Hanging to dry behind the cockpit.


Two tanks to use and 2 for spares


Now we just have to find someplace to store it all. That might be harder than the underwater mask removal!

Tuesday, June 10, 2008

hello

Hi Everyone,
I am sending this myself from the Rock nRoll Cafe. Tomorrow Randal and I go on a real dive and we'll use our own equipment to test it out. No tasks to practice, just follow the dive leader and look at fish.
Today was frst day of school here. It was so cute. Kids looked so full of promise. Sad since there is not so much opportunity. They had uniforms and funky backpacks. The big ones held the hand of the little ones and everyone looked happy!
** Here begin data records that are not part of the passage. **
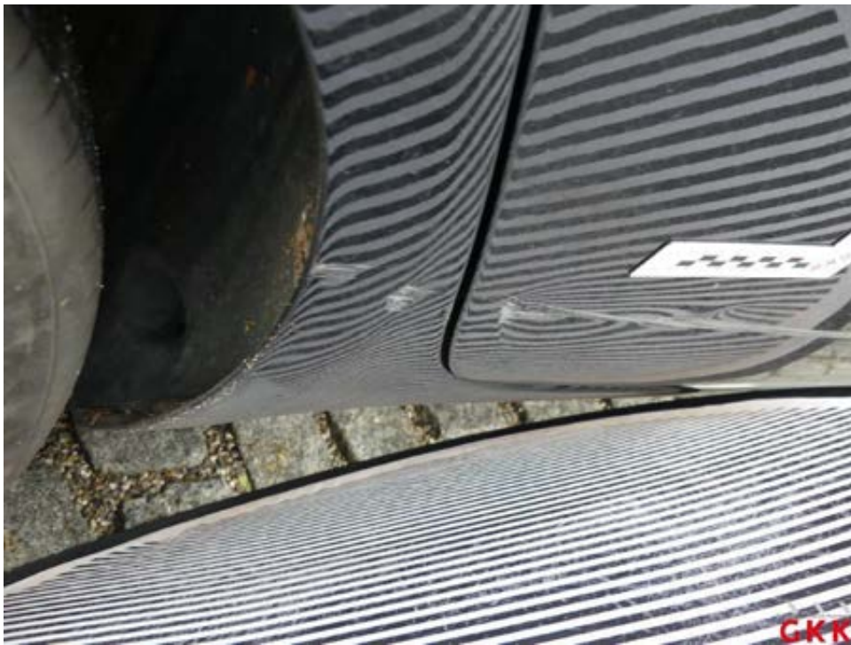
Bild 30 Seitenwand rechts, beschädigt, instand setzen - lackieren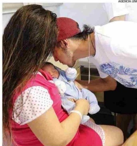
DAR A LUZ ES UN PROCESO DISPAR EN LA REGIÓN DE LOS LAGOS.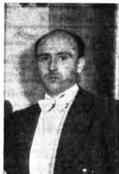
Pianista Pietro Scarpini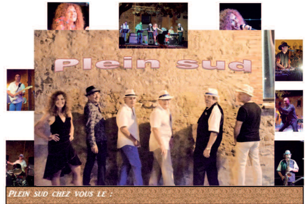
PLEIN SUD CHEZ VOUS LE :

La pelote du « Fil d'Ariane » poursuit son déroulement et permet toujours ainsi l'expression musicale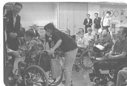
笑みがこぼれます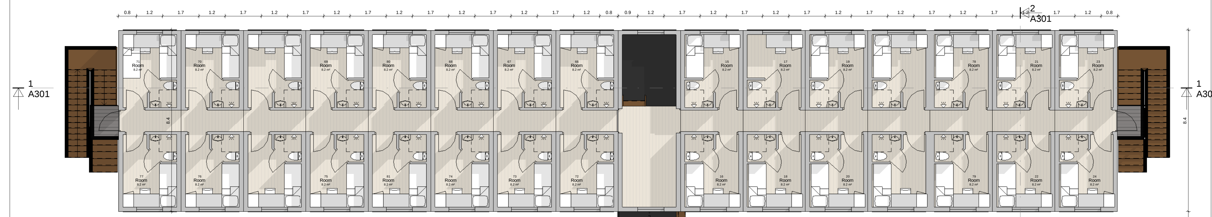
Et. 2 1:100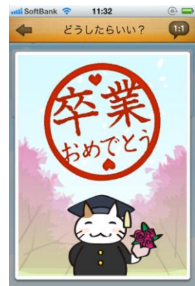
悩みたちの卒業式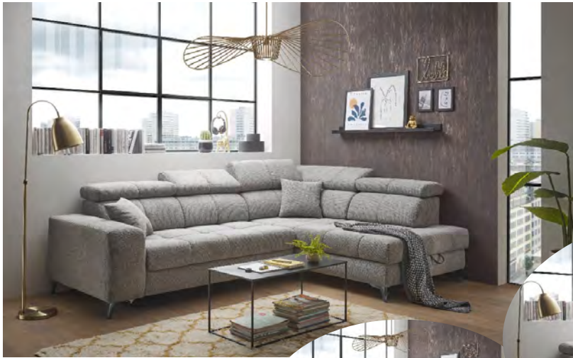
Glow 05 taupe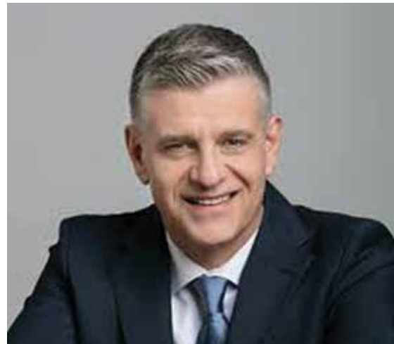
Αντιπεριφερειάρχης Κώστας Γιουτίκας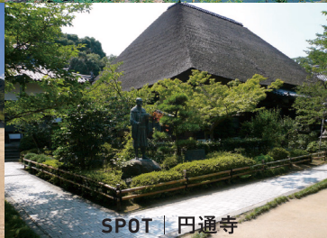
SPOT | 円通寺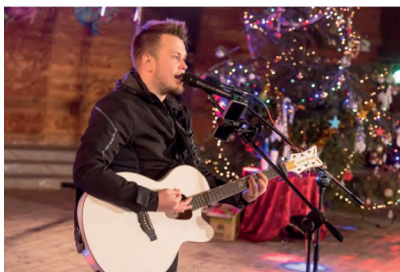
▲ POWITANIE NOWEGO ROKU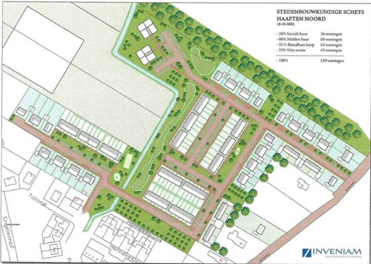
Concept plan Haaften Noord

woningmarktonderzoek heeft West Betuwe een belangrijke overloop functie voor mensen uit de Randstad. De bereikbaarheid van Haaften Noord is richting de A2 zeer goed, zo niet sneller, dan vanuit de Plantage. Een spreiding van woningbouwplannen over verschillende kernen is dan ook logischer. Hierdoor wordt de leefbaarheid en het voorzieningenniveau in dit geval van Haaften vergroot en is er meer draagvlak voor de supermarkt, lokale winkels, sportverenigingen en de MFA Burcht van Haaften. Haaften als (middel)grote kern wordt hierdoor versterkt en is interessant voor zowel de lokale woningbehoefte, als ook bovenregionaal vanuit de Randstad.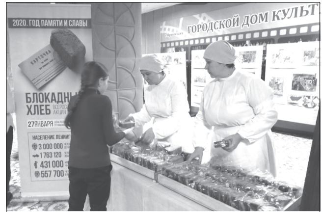
«125 блокадных грамм с огнём и кровью пополам»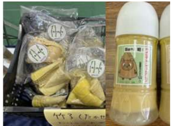
写真2 筍の水煮、ドレッシング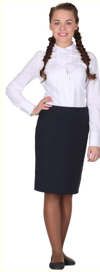
Юбка DU-L5-006 Блузка CBLG-A006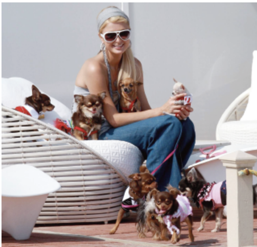
Paris Hilton har inspireret mange unge piger til at anskaffe sig en "taskehund".

sige "Nej tak", selvom man næsten ikke kan nænne det, for at stoppe de forhold, hvalpene må lide under. Og det er vigtigt at sikre sig, at man får en hund, der har fået en god opvækst.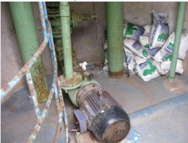
Figura 12 - Booster Centro de Guarapari.

CONSTATAÇÃO C3: Não há bomba reserva instalada nas seguintes unidades: Booster Centro de Guarapari, Booster Itapebussú, Booster Concha D’Ostra, Booster Adalberto, Booster de Água Tratada Conceição e Booster de Água Bruta Conceição.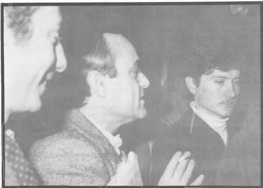
Fuimos a cumplir con nuestra responsabilidad...

El sábado 16 y el domingo 17 se debía celebrar la reunión del Comité Central (C.C.) del P.S.U.C. Dicha reunión no se realizó. Lo que si se efectuó fue una reunión antiestatutaria y fraccional de una parte del C.C. Los acuerdos que hayan podido adoptar no son vinculantes para las Organizaciones del Partido.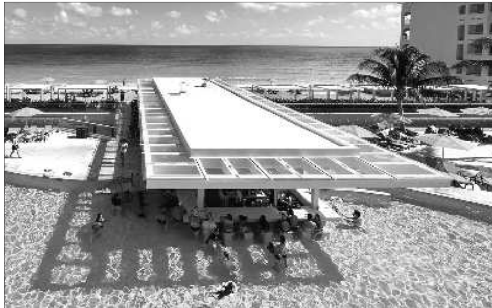
▲ Quintana Roo alcanzó ya las 130 mil habitaciones de hotel y se prevé que al concluir el año el número podría elevarse, porque comienzan a incorporarse nuevos proyectos.

Lo más importante, opinó, es que este crecimiento ha lle-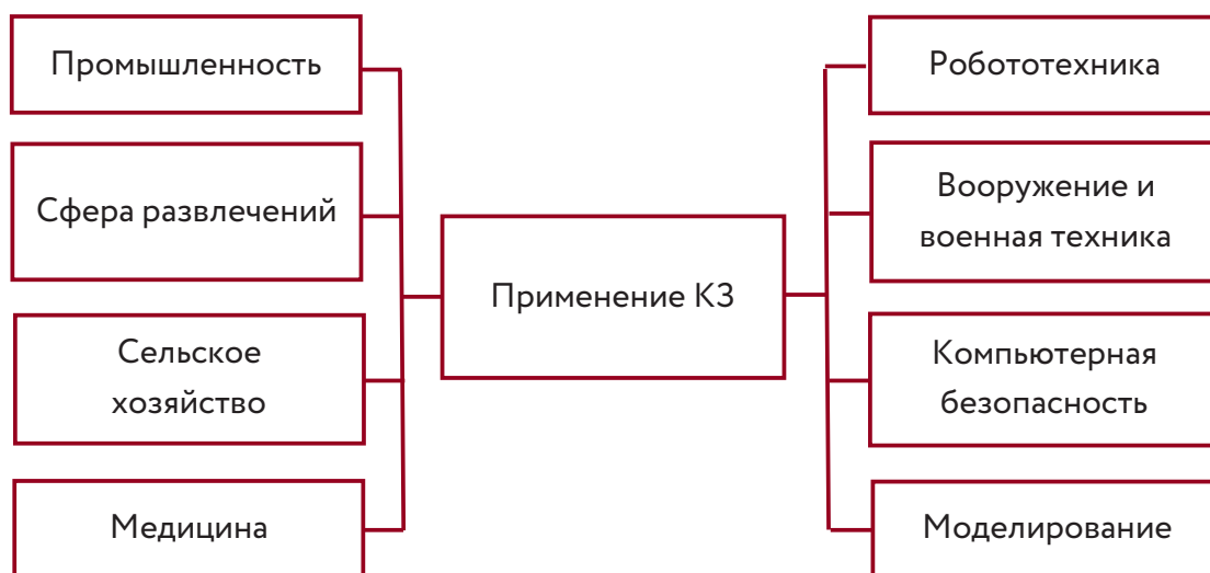
Рис. 3. Основные сферы применения КЗ

Представленная модульная структура ТКЗ носит условный характер. На практике, в зависимости от поставленных целей и сферы применения КЗ, некоторые ее этапы могут быть объединены или отсутствовать.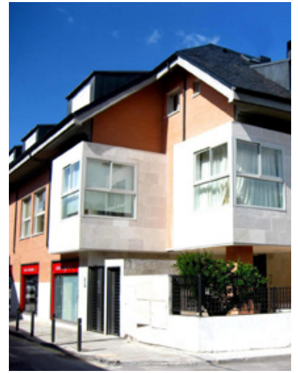
C/ Real 31, - 28250 Torrelodones, Madrid

SUPERFICIE CONTRUIDA: 192 m 2 TIPO DE CONSTRUCCIÓN: Local comercial NÚMERO DE PLANTAS: Planta 1 de 1 PRECIO ALQUILER: A consultar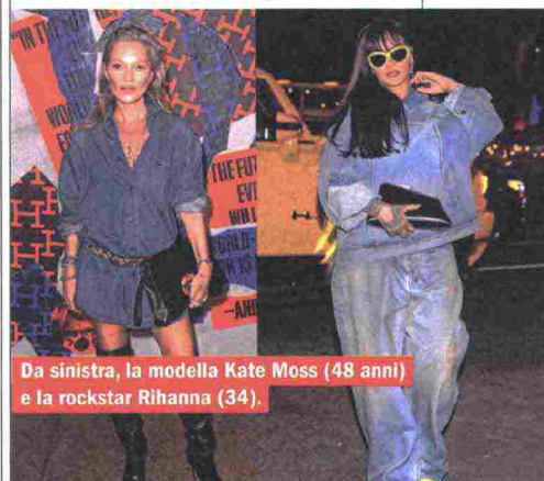
Da sinistra, la modella Kate Moss (48 anni) e la rockstar Rihanna (34).

Ritaglio stampa ad uso esclusivo del destinatario, non riproducibile.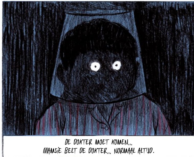
DE DOKTER MOET KOMEN... MAMSIË BELT DE DOKTER... NORMAAL ALTJD.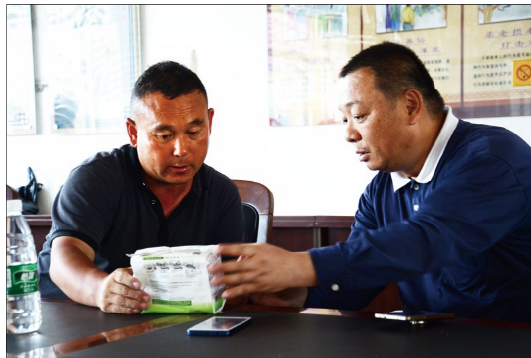
志工向受灾村镇干部介绍简单易用的香积饭，可供受灾乡亲救急食用。

笑逐颜开。志工看到周大姐把房间收拾得很干净，不仅鼓掌赞叹她的勤劳坚强。志工一身“蓝天白云”在泥泞中分外抢眼，亲切的问候和阵阵笑声更吸引村民纷纷围过来。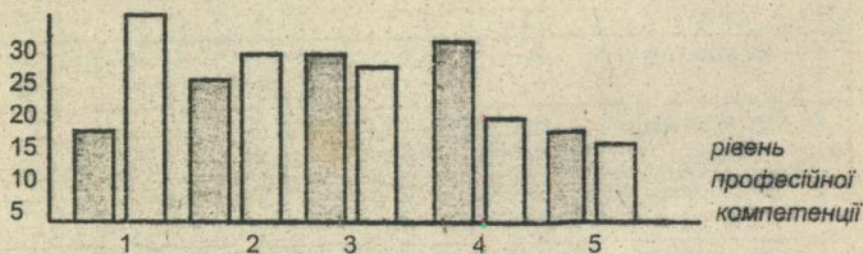
Рис. 3. Діаграма наприкінці експерименту.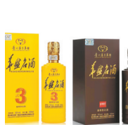
华盛名酒: 名扬天下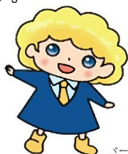
パートタイム・有期雇用労働法 キャラクター「パピョウ」ちゃん

It was the end of the school day; so maybe that was why all the smiles.
Will work on sending more photos of our adventures with Carol.
Go Sox! Go Celtics!
Ru

Monday, June 9, 2008

Puerto Galera Tour

Puerto Galera with Carol # 1

Randal is in the galley making us our first pineapple shake. I just tried it and you can almost imagine rum in it: it tastes just like one of those wonderful bar drinks with the little umbrella and cherries hanging from it. Yum! One day I’ll be brave enough to make us avocado shakes.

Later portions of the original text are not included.